王林失声痛哭,身体剧烈地颤抖着,元婴期的灵力不受控制地外泄,却不敢触碰那脆弱的光束,生怕惊扰了父母转世的路途。
祠堂内的牌位在灵力激荡下剧烈摇晃,烛火被吹得东倒西歪,映着他蜷缩在地、痛哭流涕的身影,显得无比孤寂。

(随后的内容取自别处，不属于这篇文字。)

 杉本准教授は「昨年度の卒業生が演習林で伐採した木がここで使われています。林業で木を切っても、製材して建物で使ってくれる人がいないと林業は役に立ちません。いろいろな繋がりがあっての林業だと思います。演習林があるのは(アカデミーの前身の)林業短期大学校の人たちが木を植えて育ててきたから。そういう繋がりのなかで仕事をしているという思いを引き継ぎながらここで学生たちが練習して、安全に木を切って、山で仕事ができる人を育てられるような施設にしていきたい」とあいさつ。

当最后一缕光屑消散在空气中,王林的手臂还保持着环抱的姿势,可怀中早已空无一物。
那熟悉的暖意彻底消失,只留下指尖残留的微弱触感,提醒着他刚刚经历的一切不是幻觉。
“爹娘”
王林喃喃自语,泪水打湿了地面,晕开一片深色的水渍。
多年来的仇恨、挣扎、隐忍,在父母彻底离去的这一刻,化作铺天盖地的悲痛,将他彻底淹没。

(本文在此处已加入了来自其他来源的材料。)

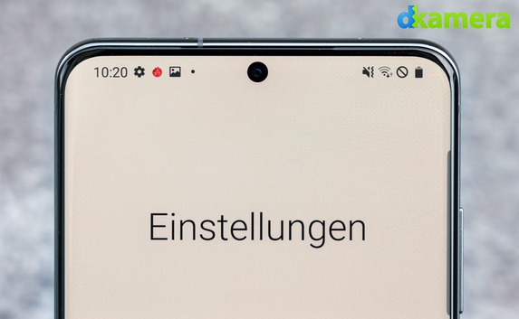 Die Frontkamera liegt mitten im Display und fällt nur geringfügig auf:

王林双腿一软,瘫坐在地上,双手用力抓着头发,泪水止不住的落了下来,脑海中也是浮现出当年自己还是年少时期的场景。
直到哭声渐渐沙哑,王林才缓缓抬起头,通红的双目望着父母魂魄消散的方向,眼中的悲痛渐渐被决绝取代。
洛川看了眼面前的王林,微微摇着头,转身便是离开此地,毕竟这种痛苦只有亲身经历的人才会知晓。
…
回到恒岳派,藤化元急不可耐的询问道:“老祖,那边情况如何?王林小儿是否愿意放过我藤家?”
洛川平静的回答道:“王林不愿意放过藤家,要与你们不死不休,本座也无可奈何。”
听到王林不愿意化干戈为玉帛,藤化元狰狞的抬起头,瞪着铜铃般的眼睛道:“既然王林不放过我藤家,我藤化元便灭王家满门!”
“听闻京城王家是王林的后代,既然如此,老夫便屠杀整个王家,让王家彻底消失在赵国境内!”
此刻的藤化元已经彻底暴怒,也不顾未来藤家如何,现在更想要的是屠杀整个王家血脉的弟子。
看着藤化元如此,洛川也没有阻拦,反而只是淡定的提醒了一句,“若是你不想藤家未来弟子都被震碎的话,就去灭了王家弟子。”
“当年本座便提醒过你一次,但至于你能否记在心上,就看你自己的想法了。”
洛川缓慢的抬起头,看着面前的藤化元,淡淡的提醒一声,毕竟藤家若不是附属恒岳派几百年,他也懒得干涉这件事情。
藤化元沉默不语,握紧茶杯的手臂更是青筋暴起,恨不得现在就将王林小儿当场抹杀在此地。
可如今王林已经离开了赵国境内,想要找到他无非是大海捞针,根本不可能完成。
但日后藤家覆灭,这让藤化元一时间不知如何是好,只能用祈求的眼神看着面前的洛川老祖。
“老祖…如何才能够保全我藤家血脉?”
洛川依靠在椅子上,指尖轻叩石桌,青石瞬间裂开细密纹路,语气依旧平淡无波。
“王林此子,虽修为不及目前的藤家,却有逆天之心,更兼身负异宝,日后归来,赵国无人能挡。”
洛川抬眼扫过藤化元惨白的面容,继续道:“你若执意要与他死磕,藤家今日便会从赵国除名。”
“若想留一线生机,即刻分出一支嫡系弟子,携藤家半部功法与珍藏灵药,连夜西出函谷关,往南楚而去,隐姓埋名,不得再踏足赵国半步。”
“南楚之地灵气稀薄,却远离赵国,更无恒岳派的牵绊,只要他们安分守己,潜心修炼,千年后未必不能重振藤家声威。”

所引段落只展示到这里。